I think streiff used the Russian military as an object lesson in the value of a professional NCO corps and why the Russian military are not able to perform on a par with the Western nations’ that actually have a professional NCO corps.
On the flip side of the object lessons the Russians are providing on the NCO corps seems, at least to me, to be the development and progression of our military’s after the Vietnam era and how closely correlated that increase in lethality with the increase in the educational attainment of the recruits into both the enlisted and officer ranks.
There’s something about a trained warrior, trained both intellectually and emotionally… and their ability to learn new and complex tasks and operate at a high tempo that the seems like pure conjecture to those that can’t master it. The US, and most of its allies, can do it while the Russians, and its autocratic kin, can’t.
With Multidomain war and increasingly dispersed units based on battlefield lethality, an effective NCO corps is more now than at any other point in our history. If a near-peer adversary wanted to cripple combat effectiveness in a clandestine manner, compromising our education system is a sure way to go about it.

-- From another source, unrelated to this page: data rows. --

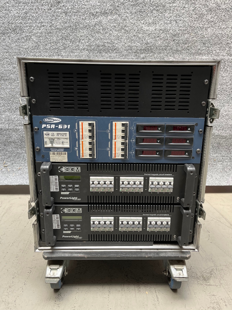 Zum Verkauf steht ein Dimmerrack mit 2x SGM PowerLight 1212D und einer Showtec PSA-631.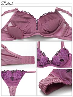 12/2再販!ダスティブルームエンブロイダリー育乳脇高ブラジャー&バック透けフルバックショーツ[激売れ]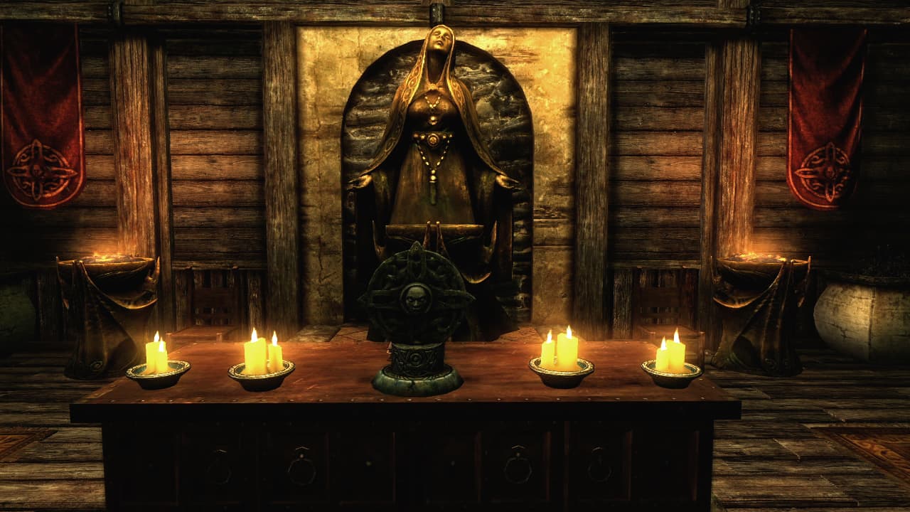 Para poder casarse en Skyrim existe un único requisito y se trata de contar con un amuleto llamado Amulet of Mara. Este amuleto lo puedes encontrar como premio en cualquier parte del vasto mundo de Skyrim o puedes ir a comprarlo directamente por 200 de Oro con Maramal. Este personaje es un sacerdote que encontraremos en el Templo de Mara en Riften.

Jeff, I’d be very interested in seeing a broad treatment of lessons learned with respect to the Russian-Ukrainian war… including the NCO corps (Russia or Ukraine vs the US, lack of air superiority or for that matter air superiority, the enhanced ISR space we have with our systems, and how the conditions that this war could be used as proxy conditions for a conflict with near-peer adversary like China.
That said, again… great series.
Tony, I was the EUCOM Deputy J5 when Russia invaded Georgia. Immediately after the crisis ended we formed an Armed Forces Assessment Team (AFAT) and sent it to Georgia to assess their needs and capabilities. I recommend we do something similar for Ukraine as soon as possible. This should look not only at the Ukraine Armed Forces, but also the impact of the NCO corps, the impact of drones, and other issues that came out during the war.